— Exercise —
In the listing that follows, count every line holding the word "great" and give only the count.

— Input data —
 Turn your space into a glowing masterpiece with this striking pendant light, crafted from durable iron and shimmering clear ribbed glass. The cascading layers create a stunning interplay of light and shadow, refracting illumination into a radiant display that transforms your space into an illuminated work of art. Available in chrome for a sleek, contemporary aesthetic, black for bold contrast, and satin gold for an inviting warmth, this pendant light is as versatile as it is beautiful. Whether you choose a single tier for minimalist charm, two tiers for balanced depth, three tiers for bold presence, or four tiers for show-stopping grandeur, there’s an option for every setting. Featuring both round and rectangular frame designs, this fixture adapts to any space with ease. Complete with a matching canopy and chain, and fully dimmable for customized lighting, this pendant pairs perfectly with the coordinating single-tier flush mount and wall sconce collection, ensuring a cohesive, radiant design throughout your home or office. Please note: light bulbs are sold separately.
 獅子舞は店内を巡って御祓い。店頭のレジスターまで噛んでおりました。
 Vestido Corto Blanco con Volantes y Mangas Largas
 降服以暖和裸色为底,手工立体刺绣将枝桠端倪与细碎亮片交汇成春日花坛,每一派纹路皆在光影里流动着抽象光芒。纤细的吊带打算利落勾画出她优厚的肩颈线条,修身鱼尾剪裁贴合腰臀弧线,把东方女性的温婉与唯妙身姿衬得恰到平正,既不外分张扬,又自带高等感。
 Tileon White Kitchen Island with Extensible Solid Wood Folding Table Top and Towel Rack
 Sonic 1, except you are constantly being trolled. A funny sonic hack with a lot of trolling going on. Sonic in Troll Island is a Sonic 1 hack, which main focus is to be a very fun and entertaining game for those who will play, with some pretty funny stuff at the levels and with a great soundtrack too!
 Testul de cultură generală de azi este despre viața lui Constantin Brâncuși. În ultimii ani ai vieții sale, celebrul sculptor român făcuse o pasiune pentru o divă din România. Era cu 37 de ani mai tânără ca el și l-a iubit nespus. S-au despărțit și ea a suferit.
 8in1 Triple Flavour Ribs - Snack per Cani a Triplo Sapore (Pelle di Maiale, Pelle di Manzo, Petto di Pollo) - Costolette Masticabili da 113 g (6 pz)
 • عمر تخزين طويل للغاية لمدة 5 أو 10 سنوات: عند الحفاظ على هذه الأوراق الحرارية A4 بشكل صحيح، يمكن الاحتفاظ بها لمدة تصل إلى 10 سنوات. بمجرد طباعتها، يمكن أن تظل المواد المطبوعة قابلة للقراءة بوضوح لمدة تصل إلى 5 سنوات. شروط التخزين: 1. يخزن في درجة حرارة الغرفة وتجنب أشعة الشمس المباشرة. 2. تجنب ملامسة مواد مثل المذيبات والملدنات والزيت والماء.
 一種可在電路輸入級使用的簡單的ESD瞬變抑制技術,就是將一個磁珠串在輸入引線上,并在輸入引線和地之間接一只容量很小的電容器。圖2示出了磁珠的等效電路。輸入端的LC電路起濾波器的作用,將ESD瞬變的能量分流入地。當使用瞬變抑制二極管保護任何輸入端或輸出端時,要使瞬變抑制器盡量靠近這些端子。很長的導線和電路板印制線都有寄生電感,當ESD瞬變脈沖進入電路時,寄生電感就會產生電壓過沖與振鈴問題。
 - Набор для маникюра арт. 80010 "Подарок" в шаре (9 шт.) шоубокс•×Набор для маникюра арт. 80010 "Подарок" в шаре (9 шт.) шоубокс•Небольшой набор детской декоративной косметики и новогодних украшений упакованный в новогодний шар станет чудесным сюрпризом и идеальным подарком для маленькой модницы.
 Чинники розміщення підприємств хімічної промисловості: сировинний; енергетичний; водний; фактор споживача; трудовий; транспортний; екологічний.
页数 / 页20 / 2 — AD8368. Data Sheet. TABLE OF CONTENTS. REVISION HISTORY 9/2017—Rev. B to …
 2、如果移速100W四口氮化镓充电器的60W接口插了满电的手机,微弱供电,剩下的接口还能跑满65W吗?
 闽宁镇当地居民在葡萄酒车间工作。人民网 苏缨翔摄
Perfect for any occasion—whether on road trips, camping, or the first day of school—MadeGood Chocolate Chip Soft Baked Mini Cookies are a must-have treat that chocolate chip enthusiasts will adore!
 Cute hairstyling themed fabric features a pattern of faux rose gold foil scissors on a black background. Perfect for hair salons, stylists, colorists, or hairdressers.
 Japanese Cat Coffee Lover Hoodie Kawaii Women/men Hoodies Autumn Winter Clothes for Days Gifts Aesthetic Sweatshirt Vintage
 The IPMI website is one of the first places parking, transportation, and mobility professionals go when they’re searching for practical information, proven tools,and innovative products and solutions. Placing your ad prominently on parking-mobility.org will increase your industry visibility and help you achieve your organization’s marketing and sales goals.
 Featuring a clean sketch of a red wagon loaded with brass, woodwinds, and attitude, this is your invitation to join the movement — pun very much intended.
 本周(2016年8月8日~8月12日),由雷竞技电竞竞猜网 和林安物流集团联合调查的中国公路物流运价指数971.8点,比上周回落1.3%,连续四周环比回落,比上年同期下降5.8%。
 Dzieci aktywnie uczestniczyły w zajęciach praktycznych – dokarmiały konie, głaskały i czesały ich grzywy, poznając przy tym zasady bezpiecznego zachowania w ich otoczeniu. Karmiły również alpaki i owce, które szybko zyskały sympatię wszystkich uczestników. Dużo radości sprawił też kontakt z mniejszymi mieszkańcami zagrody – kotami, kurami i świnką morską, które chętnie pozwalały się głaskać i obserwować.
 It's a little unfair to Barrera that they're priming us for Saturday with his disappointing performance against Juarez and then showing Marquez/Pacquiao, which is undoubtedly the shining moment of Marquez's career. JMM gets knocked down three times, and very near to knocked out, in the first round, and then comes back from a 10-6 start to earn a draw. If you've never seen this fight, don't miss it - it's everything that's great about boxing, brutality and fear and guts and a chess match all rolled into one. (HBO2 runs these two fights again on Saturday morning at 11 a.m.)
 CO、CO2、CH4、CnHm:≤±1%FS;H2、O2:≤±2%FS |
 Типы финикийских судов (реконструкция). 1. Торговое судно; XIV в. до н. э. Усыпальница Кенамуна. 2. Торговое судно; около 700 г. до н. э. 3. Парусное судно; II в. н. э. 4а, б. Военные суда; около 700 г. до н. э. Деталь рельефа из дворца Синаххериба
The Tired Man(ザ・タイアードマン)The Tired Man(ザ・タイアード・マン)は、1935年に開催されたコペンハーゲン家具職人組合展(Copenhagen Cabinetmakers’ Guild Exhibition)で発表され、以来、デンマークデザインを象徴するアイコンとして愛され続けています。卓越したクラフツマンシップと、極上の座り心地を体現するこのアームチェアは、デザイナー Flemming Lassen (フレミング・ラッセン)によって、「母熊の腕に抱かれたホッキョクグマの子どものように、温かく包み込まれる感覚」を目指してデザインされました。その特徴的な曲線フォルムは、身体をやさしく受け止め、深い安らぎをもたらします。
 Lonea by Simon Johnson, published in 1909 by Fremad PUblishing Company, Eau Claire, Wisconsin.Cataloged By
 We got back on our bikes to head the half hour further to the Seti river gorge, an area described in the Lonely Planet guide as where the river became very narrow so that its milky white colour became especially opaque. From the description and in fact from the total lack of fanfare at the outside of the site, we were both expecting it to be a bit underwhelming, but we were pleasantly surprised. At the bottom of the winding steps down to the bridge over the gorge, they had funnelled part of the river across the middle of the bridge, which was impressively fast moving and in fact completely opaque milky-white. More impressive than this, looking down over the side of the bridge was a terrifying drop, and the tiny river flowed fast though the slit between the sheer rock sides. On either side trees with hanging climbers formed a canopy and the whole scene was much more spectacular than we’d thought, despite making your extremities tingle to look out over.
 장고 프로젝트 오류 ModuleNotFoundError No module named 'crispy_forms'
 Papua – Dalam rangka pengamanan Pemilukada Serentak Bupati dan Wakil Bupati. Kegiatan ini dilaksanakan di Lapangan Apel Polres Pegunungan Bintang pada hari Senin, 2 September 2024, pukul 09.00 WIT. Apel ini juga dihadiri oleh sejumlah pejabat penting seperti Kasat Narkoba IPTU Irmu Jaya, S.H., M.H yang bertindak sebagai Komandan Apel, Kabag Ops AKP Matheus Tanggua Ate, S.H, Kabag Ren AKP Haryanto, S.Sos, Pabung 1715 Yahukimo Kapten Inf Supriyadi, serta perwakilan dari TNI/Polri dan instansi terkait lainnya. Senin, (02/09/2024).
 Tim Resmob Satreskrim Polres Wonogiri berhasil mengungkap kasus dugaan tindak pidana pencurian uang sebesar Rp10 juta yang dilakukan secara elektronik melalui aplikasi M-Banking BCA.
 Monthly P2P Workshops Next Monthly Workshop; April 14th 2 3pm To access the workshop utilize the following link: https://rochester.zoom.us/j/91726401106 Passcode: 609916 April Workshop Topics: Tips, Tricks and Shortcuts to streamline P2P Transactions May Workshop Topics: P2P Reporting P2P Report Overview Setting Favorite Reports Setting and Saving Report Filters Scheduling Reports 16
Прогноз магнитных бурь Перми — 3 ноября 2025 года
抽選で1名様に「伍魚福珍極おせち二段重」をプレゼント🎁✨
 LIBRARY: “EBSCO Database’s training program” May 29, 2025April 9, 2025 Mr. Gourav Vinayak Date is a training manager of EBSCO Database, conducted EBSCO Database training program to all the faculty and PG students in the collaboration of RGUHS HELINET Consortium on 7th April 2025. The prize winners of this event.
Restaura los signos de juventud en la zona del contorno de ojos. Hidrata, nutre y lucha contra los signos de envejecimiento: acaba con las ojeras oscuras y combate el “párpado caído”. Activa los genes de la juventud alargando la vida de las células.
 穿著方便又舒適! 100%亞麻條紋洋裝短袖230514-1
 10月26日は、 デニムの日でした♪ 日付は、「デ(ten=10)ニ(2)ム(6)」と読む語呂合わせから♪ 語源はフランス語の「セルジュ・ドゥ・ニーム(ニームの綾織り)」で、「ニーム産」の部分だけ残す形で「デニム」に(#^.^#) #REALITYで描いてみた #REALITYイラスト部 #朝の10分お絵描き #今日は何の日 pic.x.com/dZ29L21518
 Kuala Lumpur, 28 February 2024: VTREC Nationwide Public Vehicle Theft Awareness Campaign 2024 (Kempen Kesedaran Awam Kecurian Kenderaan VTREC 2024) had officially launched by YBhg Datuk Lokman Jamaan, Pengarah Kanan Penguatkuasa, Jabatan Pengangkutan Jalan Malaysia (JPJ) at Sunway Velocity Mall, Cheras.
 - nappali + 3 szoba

— Result for this exercise —
2